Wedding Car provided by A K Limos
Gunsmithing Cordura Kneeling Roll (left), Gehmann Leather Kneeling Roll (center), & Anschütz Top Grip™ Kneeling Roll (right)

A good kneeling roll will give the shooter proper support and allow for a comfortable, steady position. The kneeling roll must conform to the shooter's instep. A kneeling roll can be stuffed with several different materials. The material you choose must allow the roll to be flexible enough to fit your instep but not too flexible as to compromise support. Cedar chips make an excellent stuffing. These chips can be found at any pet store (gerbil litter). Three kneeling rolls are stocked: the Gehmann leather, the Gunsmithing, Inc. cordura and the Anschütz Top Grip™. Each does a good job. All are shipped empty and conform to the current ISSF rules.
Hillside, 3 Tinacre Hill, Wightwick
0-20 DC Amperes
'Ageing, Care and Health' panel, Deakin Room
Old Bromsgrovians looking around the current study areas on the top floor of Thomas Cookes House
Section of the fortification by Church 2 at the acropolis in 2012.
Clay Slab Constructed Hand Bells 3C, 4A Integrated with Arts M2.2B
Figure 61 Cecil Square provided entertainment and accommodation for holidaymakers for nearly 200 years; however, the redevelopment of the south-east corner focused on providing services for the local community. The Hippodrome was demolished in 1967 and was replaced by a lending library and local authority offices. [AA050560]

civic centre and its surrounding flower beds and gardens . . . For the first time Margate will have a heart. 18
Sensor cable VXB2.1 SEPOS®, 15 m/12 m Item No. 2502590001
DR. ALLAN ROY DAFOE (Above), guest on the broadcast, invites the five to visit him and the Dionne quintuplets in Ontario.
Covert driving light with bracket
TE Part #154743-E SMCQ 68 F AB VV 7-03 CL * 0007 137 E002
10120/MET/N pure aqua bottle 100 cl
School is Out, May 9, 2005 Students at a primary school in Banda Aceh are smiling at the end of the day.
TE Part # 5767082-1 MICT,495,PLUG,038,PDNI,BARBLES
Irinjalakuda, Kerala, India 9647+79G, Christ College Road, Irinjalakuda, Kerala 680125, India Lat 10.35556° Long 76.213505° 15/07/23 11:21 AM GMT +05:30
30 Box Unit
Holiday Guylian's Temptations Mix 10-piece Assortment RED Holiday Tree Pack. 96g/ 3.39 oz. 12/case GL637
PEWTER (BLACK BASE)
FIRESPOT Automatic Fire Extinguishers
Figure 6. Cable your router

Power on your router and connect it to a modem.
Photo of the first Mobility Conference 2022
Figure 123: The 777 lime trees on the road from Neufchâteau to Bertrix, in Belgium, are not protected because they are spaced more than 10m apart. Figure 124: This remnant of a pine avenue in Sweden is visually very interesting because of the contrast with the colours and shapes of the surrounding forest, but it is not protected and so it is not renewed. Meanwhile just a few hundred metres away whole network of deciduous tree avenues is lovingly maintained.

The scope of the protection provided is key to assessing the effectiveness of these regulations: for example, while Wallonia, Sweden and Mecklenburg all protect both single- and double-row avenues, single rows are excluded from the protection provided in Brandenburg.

_Exercise_: Reproduce every line of the material exactly.

_Reply_:
Wedding Car provided by A K Limos
Gunsmithing Cordura Kneeling Roll (left), Gehmann Leather Kneeling Roll (center), & Anschütz Top Grip™ Kneeling Roll (right)

A good kneeling roll will give the shooter proper support and allow for a comfortable, steady position. The kneeling roll must conform to the shooter's instep. A kneeling roll can be stuffed with several different materials. The material you choose must allow the roll to be flexible enough to fit your instep but not too flexible as to compromise support. Cedar chips make an excellent stuffing. These chips can be found at any pet store (gerbil litter). Three kneeling rolls are stocked: the Gehmann leather, the Gunsmithing, Inc. cordura and the Anschütz Top Grip™. Each does a good job. All are shipped empty and conform to the current ISSF rules.
Hillside, 3 Tinacre Hill, Wightwick
0-20 DC Amperes
'Ageing, Care and Health' panel, Deakin Room
Old Bromsgrovians looking around the current study areas on the top floor of Thomas Cookes House
Section of the fortification by Church 2 at the acropolis in 2012.
Clay Slab Constructed Hand Bells 3C, 4A Integrated with Arts M2.2B
Figure 61 Cecil Square provided entertainment and accommodation for holidaymakers for nearly 200 years; however, the redevelopment of the south-east corner focused on providing services for the local community. The Hippodrome was demolished in 1967 and was replaced by a lending library and local authority offices. [AA050560]

civic centre and its surrounding flower beds and gardens . . . For the first time Margate will have a heart. 18
Sensor cable VXB2.1 SEPOS®, 15 m/12 m Item No. 2502590001
DR. ALLAN ROY DAFOE (Above), guest on the broadcast, invites the five to visit him and the Dionne quintuplets in Ontario.
Covert driving light with bracket
TE Part #154743-E SMCQ 68 F AB VV 7-03 CL * 0007 137 E002
10120/MET/N pure aqua bottle 100 cl
School is Out, May 9, 2005 Students at a primary school in Banda Aceh are smiling at the end of the day.
TE Part # 5767082-1 MICT,495,PLUG,038,PDNI,BARBLES
Irinjalakuda, Kerala, India 9647+79G, Christ College Road, Irinjalakuda, Kerala 680125, India Lat 10.35556° Long 76.213505° 15/07/23 11:21 AM GMT +05:30
30 Box Unit
Holiday Guylian's Temptations Mix 10-piece Assortment RED Holiday Tree Pack. 96g/ 3.39 oz. 12/case GL637
PEWTER (BLACK BASE)
FIRESPOT Automatic Fire Extinguishers
Figure 6. Cable your router

Power on your router and connect it to a modem.
Photo of the first Mobility Conference 2022
Figure 123: The 777 lime trees on the road from Neufchâteau to Bertrix, in Belgium, are not protected because they are spaced more than 10m apart. Figure 124: This remnant of a pine avenue in Sweden is visually very interesting because of the contrast with the colours and shapes of the surrounding forest, but it is not protected and so it is not renewed. Meanwhile just a few hundred metres away whole network of deciduous tree avenues is lovingly maintained.

The scope of the protection provided is key to assessing the effectiveness of these regulations: for example, while Wallonia, Sweden and Mecklenburg all protect both single- and double-row avenues, single rows are excluded from the protection provided in Brandenburg.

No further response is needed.